TASK STATEMENT: Beneath this instruction is a listing; print exactly the lines in it starting at the line that contains "Denon Dominique Vivant, Viaggio" and going through the line that contains "6.截图功能(选择好要截取的".

AVAILABLE DATA:
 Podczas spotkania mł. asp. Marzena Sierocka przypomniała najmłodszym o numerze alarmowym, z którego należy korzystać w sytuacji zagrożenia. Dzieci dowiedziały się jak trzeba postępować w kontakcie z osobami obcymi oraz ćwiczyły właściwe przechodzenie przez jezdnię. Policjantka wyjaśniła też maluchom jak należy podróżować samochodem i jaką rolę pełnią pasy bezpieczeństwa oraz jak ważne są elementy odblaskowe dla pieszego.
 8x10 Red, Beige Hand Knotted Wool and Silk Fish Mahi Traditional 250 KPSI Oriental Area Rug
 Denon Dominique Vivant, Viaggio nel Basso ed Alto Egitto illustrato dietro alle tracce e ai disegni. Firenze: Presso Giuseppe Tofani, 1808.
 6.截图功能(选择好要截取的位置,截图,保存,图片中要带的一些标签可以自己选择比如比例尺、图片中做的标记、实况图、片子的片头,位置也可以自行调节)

* * *

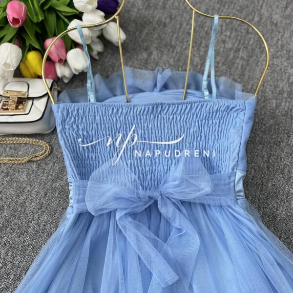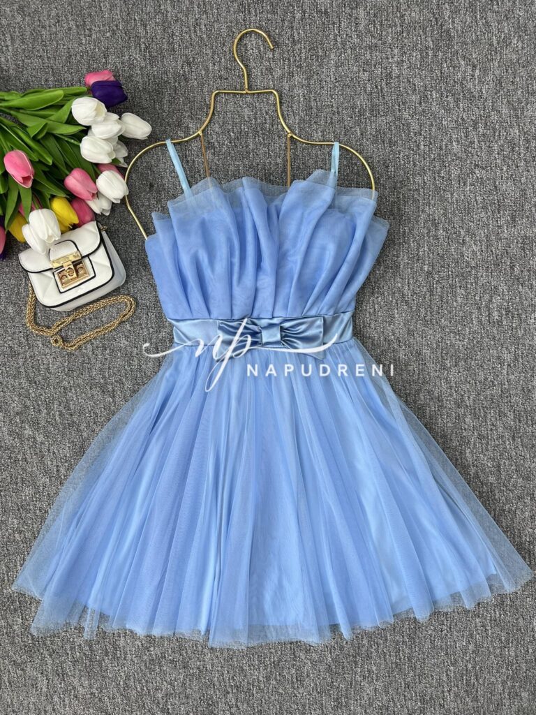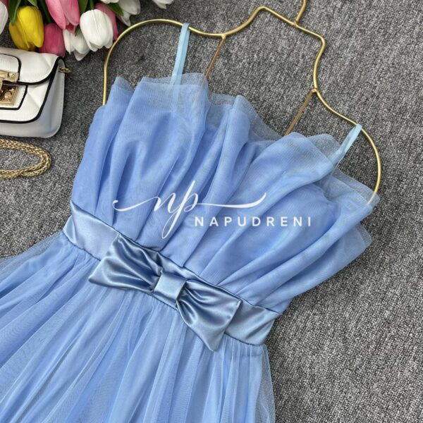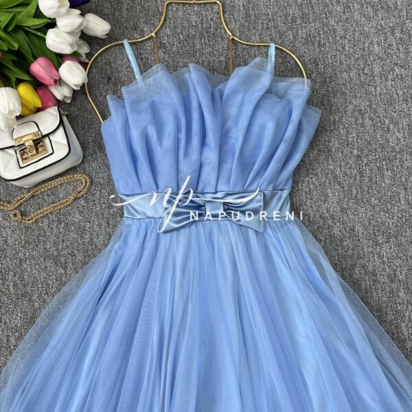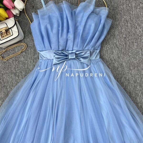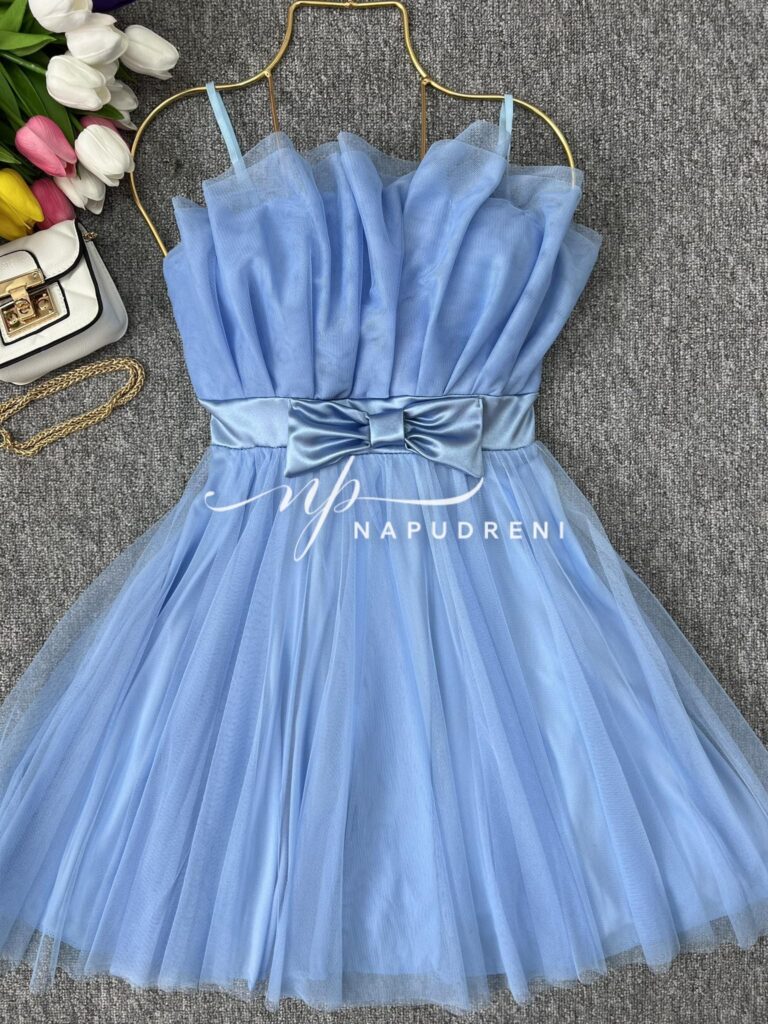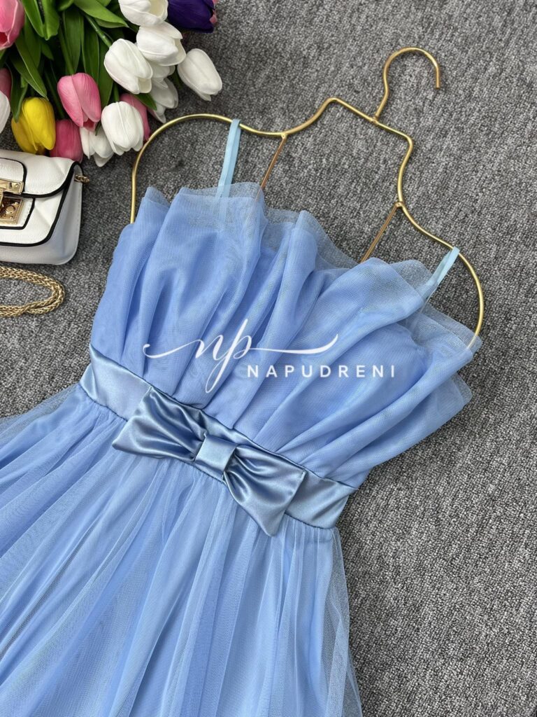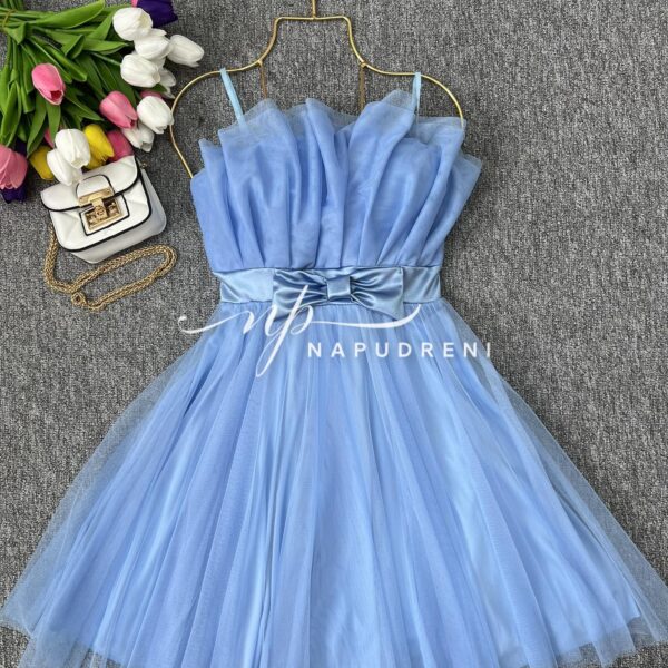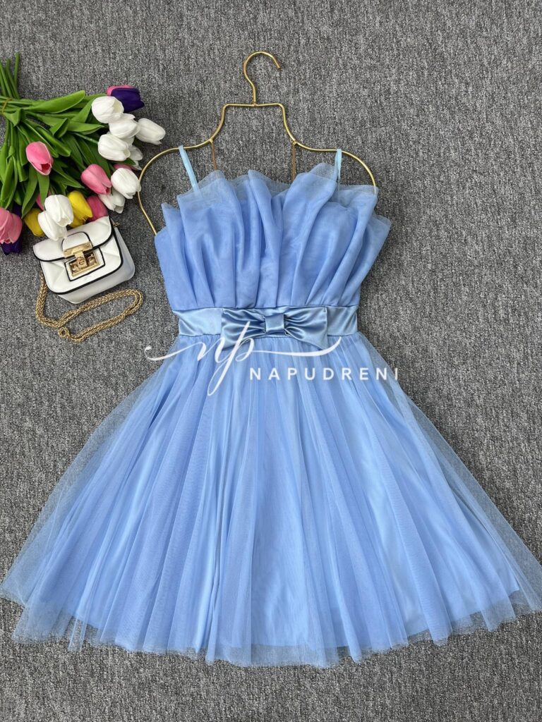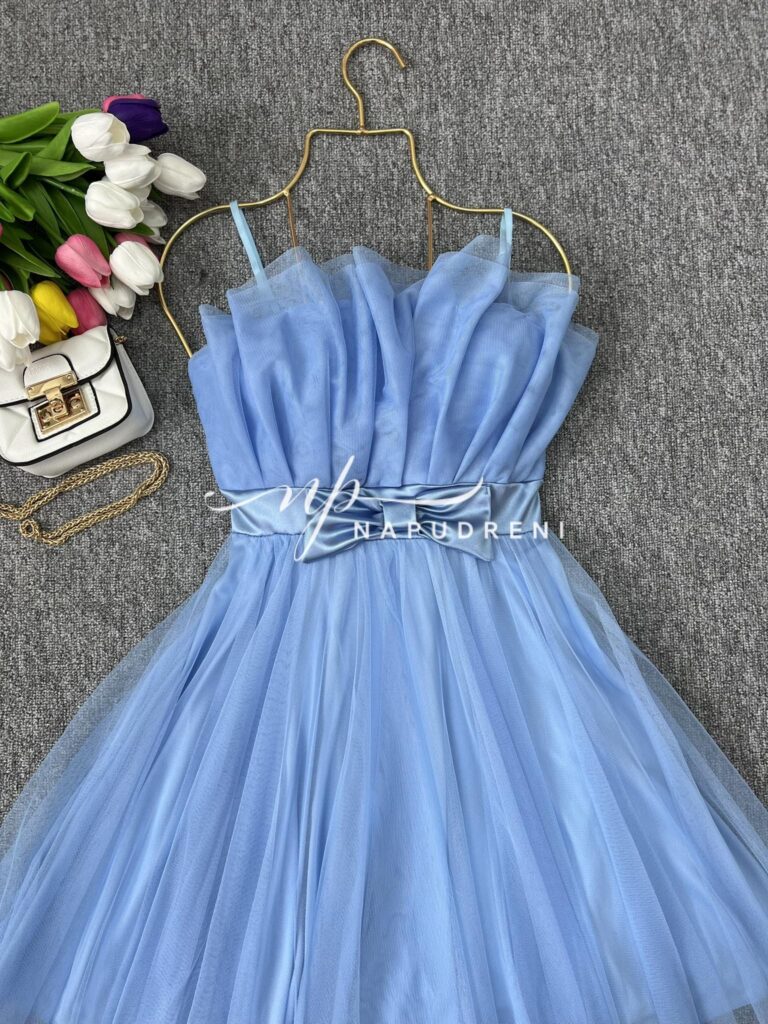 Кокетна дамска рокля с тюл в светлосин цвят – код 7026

...

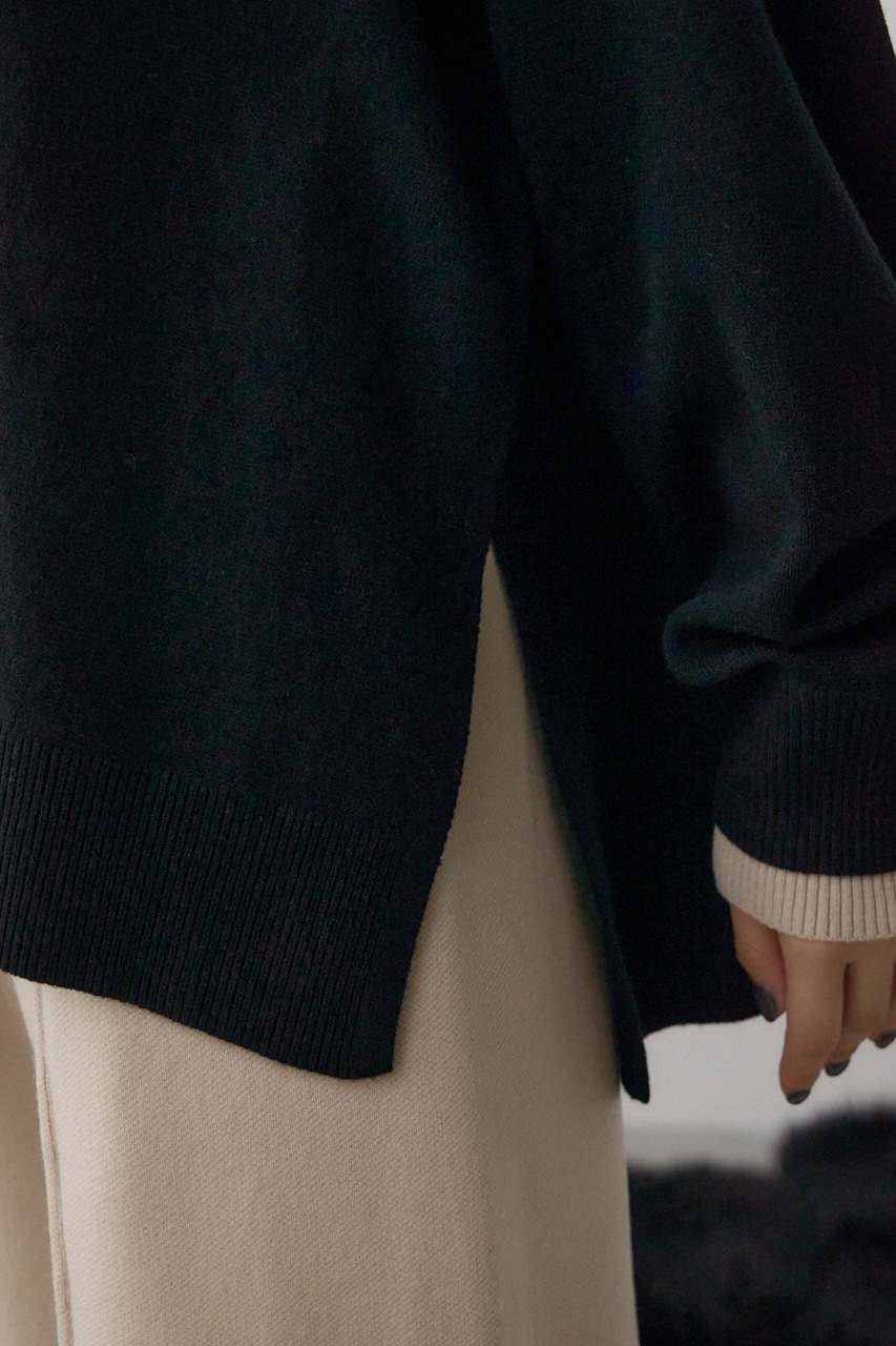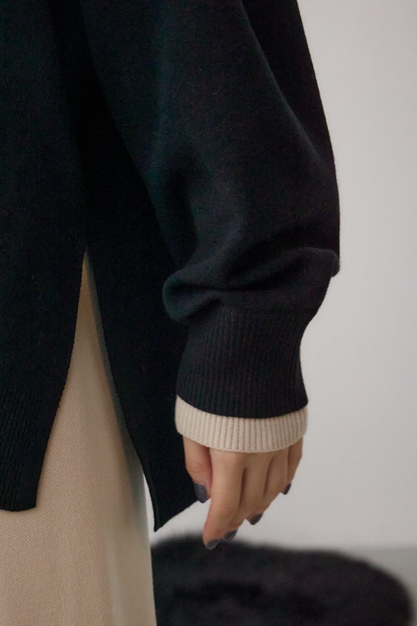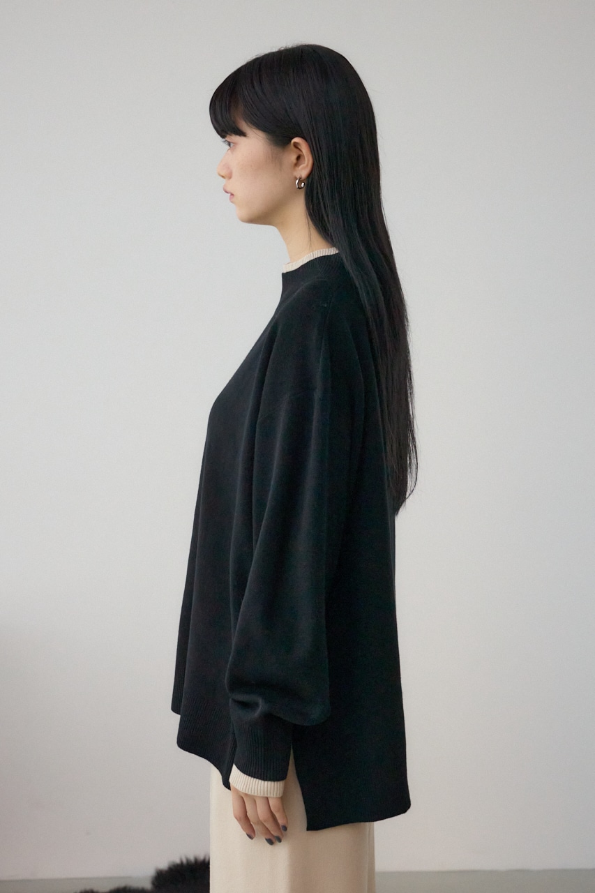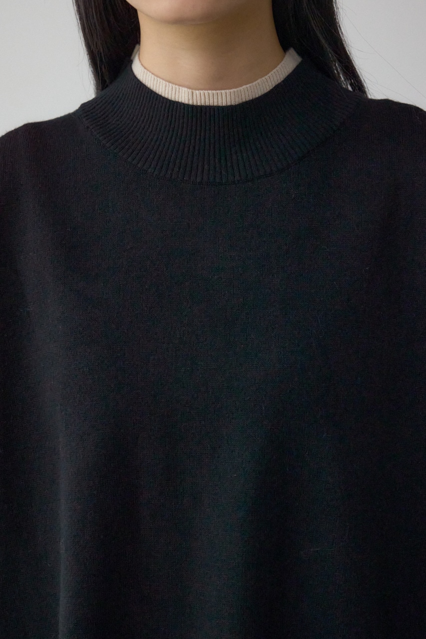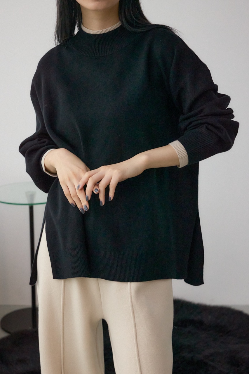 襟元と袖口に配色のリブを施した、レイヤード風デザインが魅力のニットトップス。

ANSWER SECTION:
 Denon Dominique Vivant, Viaggio nel Basso ed Alto Egitto illustrato dietro alle tracce e ai disegni. Firenze: Presso Giuseppe Tofani, 1808.
 6.截图功能(选择好要截取的位置,截图,保存,图片中要带的一些标签可以自己选择比如比例尺、图片中做的标记、实况图、片子的片头,位置也可以自行调节)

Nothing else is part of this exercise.